Простите, дорогой Алексей Максимович, что я беспокою Вас этим письмом, но ведь очень больно так бесполезно, жалко и позорно гибнуть 23-х лет.
23-х лет, когда еще ничего не сделано, но столько задумано.
И столько хочется сделать.
Ведь впереди еще столько невиданного, непрочитанного и ненаписанного.
Еще раз повторяю, дорогой Алексей Максимович, что мне очень стыдно беспокоить Вас, но умоляю: помогите мне, если это возможно.
Сыну вторила мать:
«И вот теперь он признан виновным в тягчайшем из преступлений против Республики, в преступлении, ставящем его на одну доску с непримиримыми контрреволюционерами и врагами трудящихся, как шахтинские вредители и др<угие>.
Где же правда?
За что обрушилось на голову бедного моего сына такое непоправимое и незаслуженное несчастье.
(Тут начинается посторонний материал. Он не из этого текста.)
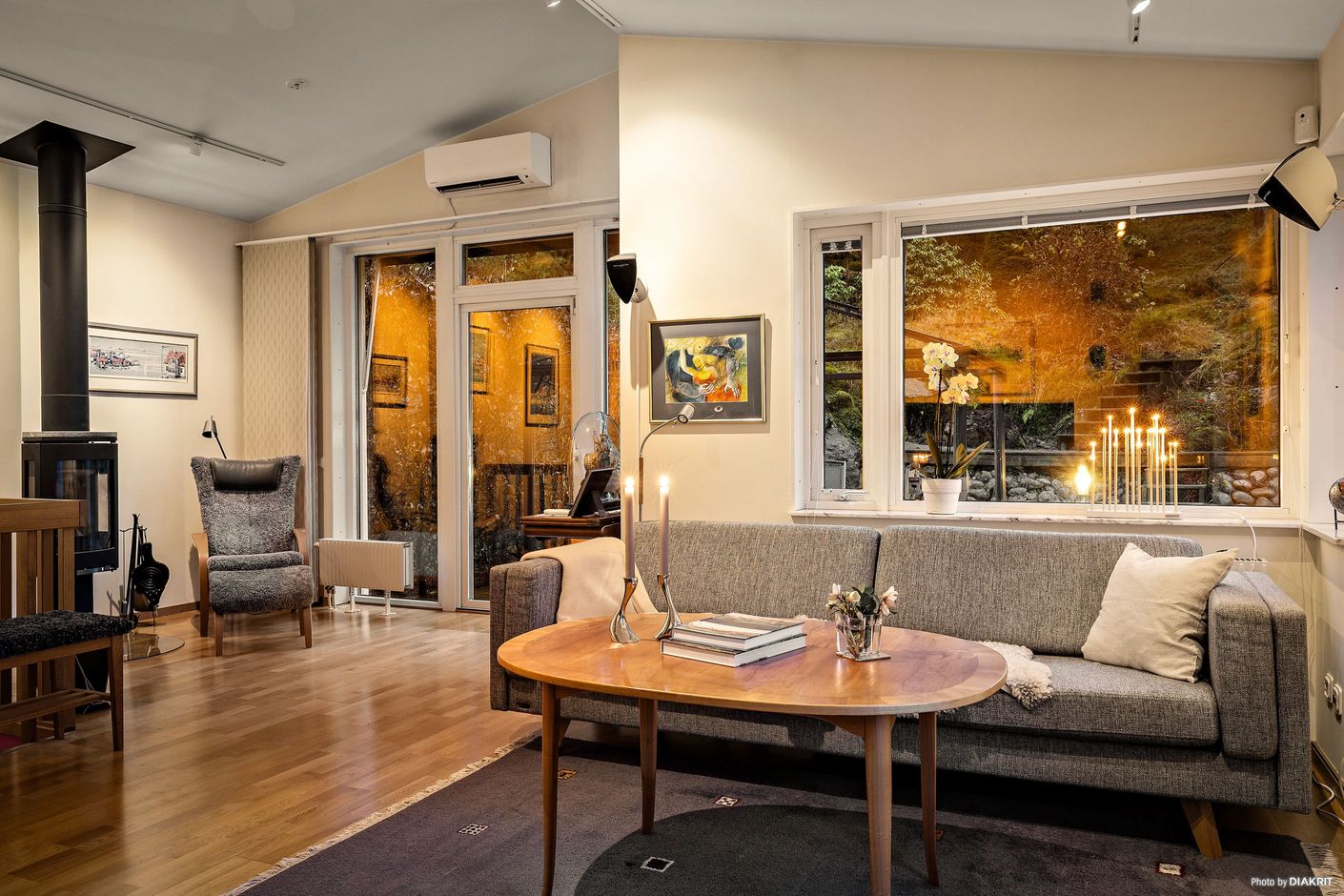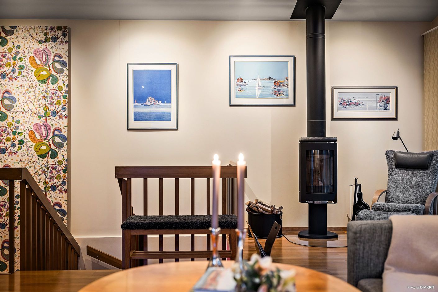 Via trappan når du övervåningen, där ljuset flödar genom de stora fönstren. Här möts du av ett generöst vardagsrum med braskamin, perfekt för mysiga kvällar. Från vardagsrummet når du den fina altanen med plats för både loungemöbler, odlingar och umgänge – en härlig förlängning av bostaden med skogen som närmsta utsikt. På detta plan finns dessutom två bra sovrum, ett helkaklat badrum och en rymlig klädkammare.

У него туберкулез легких, и ссылка на Крайний Север неминуемо убьет его.
Я обращаюсь теперь в высший орган Республики за справедливостью и милосердием.
Прошу внять голосу матери, у которой взяли на гибель ни в чем неповинного сына, и пересмотреть это дело, чтобы исправить, пока не поздно, эту страшную ошибку и тем предотвратить возможность других ошибок, подобных этой. <…>»[288].
Обращения эти ни к чему не привели.
После 7 месяцев тюрьмы и «следствия» — 25 июня 1928 года — приговор: 5 лет ИТЛ по статье 58.11. Если считать со дня ареста, то истекал этот срок 19 декабря 1932 года.
А 11 июля 1928 года Казарновский был отправлен в СЛОН (Соловецкий лагерь особого назначения) — аббревиатура, которой он не раз еще воспользуется в своих веселых стихах, причем, кажется, нигде он так в стихах не веселился, как на Соловках.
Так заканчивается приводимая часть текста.